Our DL model for prediction of mean deviation from ODPs was validated in this study. The predicted and measured MDs showed strong correlation and good agreement. The class activation map highlighted the important region of interest of the DL model’s predictions.

There are several studies that have demonstrated the potential of DL models for glaucoma diagnosis using fundus photographs13,16,17, SD-OCT21,22,23, or VF tests18. However, most of the previously reported algorithms have focused only on detection of glaucomatous damage, in a “yes or no” fashion16,17,24. This approach required a time-consuming labeling process by human graders for ground truth, and was difficult to apply for detection of glaucoma progression. However, recent research has shown the possibility of overcoming the limitations of the simple classification problem using DL-based quantitative prediction of SD-OCT data such as RNFL thickness or BMO-MRW from ODPs25,26. However, in those studies, the input data (ODPs) and the outputs (SD-OCT data) were both structural information; indeed, in glaucoma diagnosis, it is imperative to consider comprehensive measurements including both structural and functional data. Thus prompted, we developed a DL algorithm to convert qualitative structural information (ODP) to quantitative functional data (SAP MD). Our DL model predicted the MD from ODPs with considerable accuracy in spite of the small study population.

Although the VF test is an essential modality for glaucoma diagnosis, it has been shown to be very vulnerable to test–retest variability. VF sensitivity can show short-term or long-term fluctuation27. The reliability of test results, therefore, is affected not only by the patient's ability to remain still during measurement, but also by measurement noise, even with high reliability indices28. This fact can diminish the ability to detect early-glaucomatous change and glaucoma progression. Considering VF variability, approximately 10 VFs are required to obtain reliable point-wise VF sensitivity and mean sensitivity29. On the other hand, ODPs and red-free RNFL photographs are easy to take, and offer relatively reliable results via appropriate pupil dilation. Even when photographs are taken mistakenly, the problem is easily noticed by technicians, who subsequently can easily retake the photographs. Also, fundus photography is still the main modality for many glaucoma-screening centers. According to the results of the present study, the DL algorithm showed the potential to be a useful tool for estimation of the global index of SAP in screening centers where SAPs are unavailable. Furthermore, as the model provides quantitative values, it can be applied to detection of glaucoma progression by trend-based analysis using estimated MDs with serial ODPs.
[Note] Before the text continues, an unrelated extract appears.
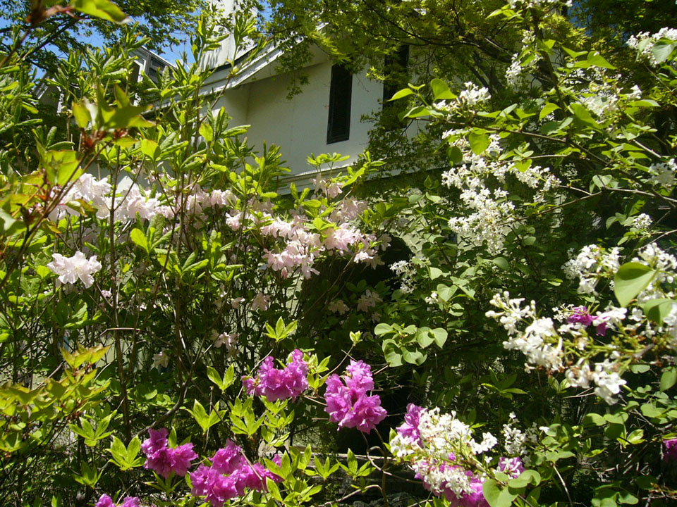 森の家冬の景色とは一変して、花葉の茂みにおおわれて、建物を隠します。 昔のオープン当初、とてもとても外構工事(庭木)には、手が回りませんでしたが、東京の仲間が軽井沢から、せっせと珍しい樹木を運び植えてくれました。周囲からは、お化け屋敷。と、囁かられたのですが、今となれば、ライラックが、ツツジが、ヤマボウシが訪れる人の目を楽しませてくれます。

Further training with larger datasets including longitudinal observations of each participant would help to elucidate this conjecture.

To estimate the generalizability of the method with the limited number of samples, we investigated the range distribution of the performance values by fivefold CV. Considering that the standard deviation was relatively small and that the worst-case values (R2 score of 54.9% and MAE of 2.10 dB) were comparable to the mean values, we concluded that the prediction performance of the DL model might be robust to data heterogeneity. Based on this, we determined the feasibility of the robustness of this model with larger observations and concluded that the generalization potential of this method might be good. However, confirmation of the generalizability of this model will have to await further study.

Typically, the DL performance for a test set becomes worse than that for a training dataset. However, the results in this study showed a slightly better correlation between the predicted and observed MDs in the test subset relative to the training set. This result might mean that the diagnostic performance and loss function (mean square error) had not converged completely before the end of the training. However, when we thoroughly reviewed the learning curve of the DL model, the loss function converged and stopped decreasing at the end of the training. Hence, it might be a coincidence that test performance was higher than the training performance. Another possible explanation is the dropout technique adopted in the training. In the training process, some of neurons were disabled, so that the training loss (or prediction error) could have been higher due to the task for the artificially weakened network having become harder. In contrast, during the testing process, all of the neurons were available, and so the network was fully capable and might have perform better than in training. Finally, the discrepancy may be caused from the distribution of early and severe glaucoma in two datasets. In subgroup analysis, we revealed lower SAP MD was associated to large prediction error. Since the SAP MD of testing set was greater than that of training set, it could cause such a difference between train/test results. Indeed, in the subsequent fivefold CV with entire dataset, the R2 score became better (58.4%) than that from fivefold CV with only training dataset (56.0%). We cannot identify the exact reason of the discrepancy of correlation between training and testing sets, however, the three hypotheses may explain it in part.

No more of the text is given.